Mpila Camp is not fenced, other than for a ‘high level’ electrified wire designed to keep elephant from entering the perimeter. Consequently, guests may enjoy a wide variety of our wildlife within the camp grounds. So, is it’s the browsing and grazing within the camp by these herbivores that keep it looking so clipped and tidy, all working for the Park? Do take care, as these are still potentially dangerous animals, which have learned trust and a tolerance for people, up to a particular closeness, then their “Flight or Fight” syndrome kicks in, an automatic physiological reaction to an event that is perceived as stressful or threatening to them, here’s hoping it’s their flight that is engaged, fight can have dire consequences. The change can be instantaneous, and unless one is able to read the animal’s body language, quite unexpected. Keep one’s distance. Use a torch at night if walking between accommodation units.

That innocuous looking Vervet monkey is an extremely opportunistic pilferer of anything edible and brazen to the extreme. Be vigilant, the camp shops don’t stock too much of a replacement supply.

Hyena and the Wild Pig need to be monitored and watched in the evenings. It has been known for them to remove food from the hot braai grids, if not judiciously monitored and they can be rather persistent. I do not know of an attack on guests by these nocturnal visitors.

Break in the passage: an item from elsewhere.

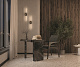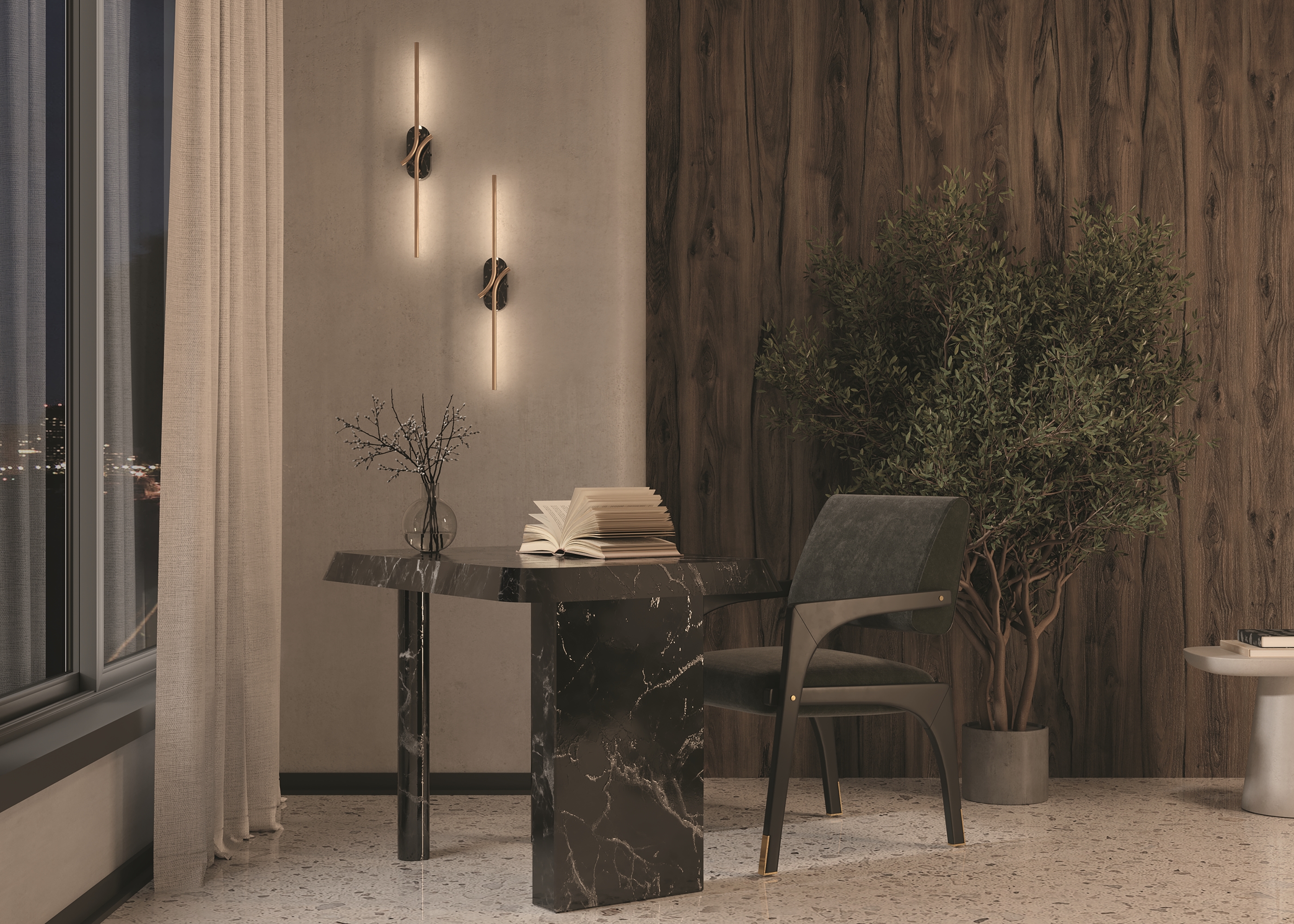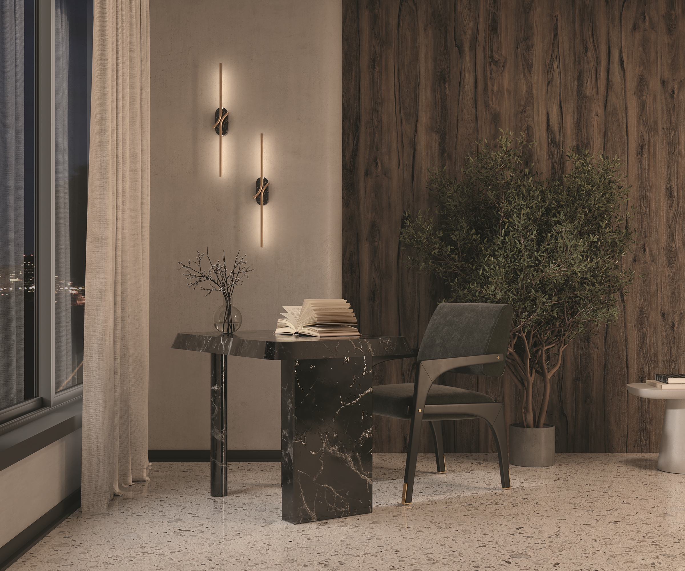 Два варианта основания корпуса. Металлический, цвета – черный и сатинированная латунь.  Мрамор, цвета - черный и серый. Плафон-трубка из металла со скрытым рассеивателем. Серия отражает эстетические чувства эпохи Возрождения, искусно сочетая цветовые палитры,  формы и материалы, характерные для того периода. LED источник света. Цветовая температура - 3000К.

Mpila Camp is well located for guests to visit the excellent Umfolozi Basin, a favourite area within the game reserve, that has the Black Umfolozi River bank as a prime attraction. The White Umfolozi River is relegated to the wilderness area of the Park and only possible to access at a view point in the far south west of the game reserve. There are a few view sites and the Sontuli Loop picnic site, with ablutions, is a favourite. Braai stands, benches and tables, with often some wildlife to be seen on the banks of the uMfolozi River below.  Bhejane Hide a bit further on, another worthwhile stop. 

Nyala ewe

Sundowner time

On a recent visit, after the devastation of the March / April 2023 rains, I found the roads to be in generally good condition and passable in most normal saloon cars, with care. The Hluhluwe Imfolozi Park is suibjected to flooding of certain access roads after rainfall in the catchment areas, this usually in the summer months but can extend trough to April. This can compromise access to the camps, sometimes with extensive detours. Always check in advance and allow oneself sufficient time to experience delays, from road works, accidents, flooding and all sorts of possibilities. The gates have strict closing times with late access possible in some cases, but only by prior arrangement and at a penalty fee. No last minute late arrivals are possible. The camps need to be notified before 16h00. This is made more difficult with the telephone reception being sporadic and affected by loadshedding and other factors.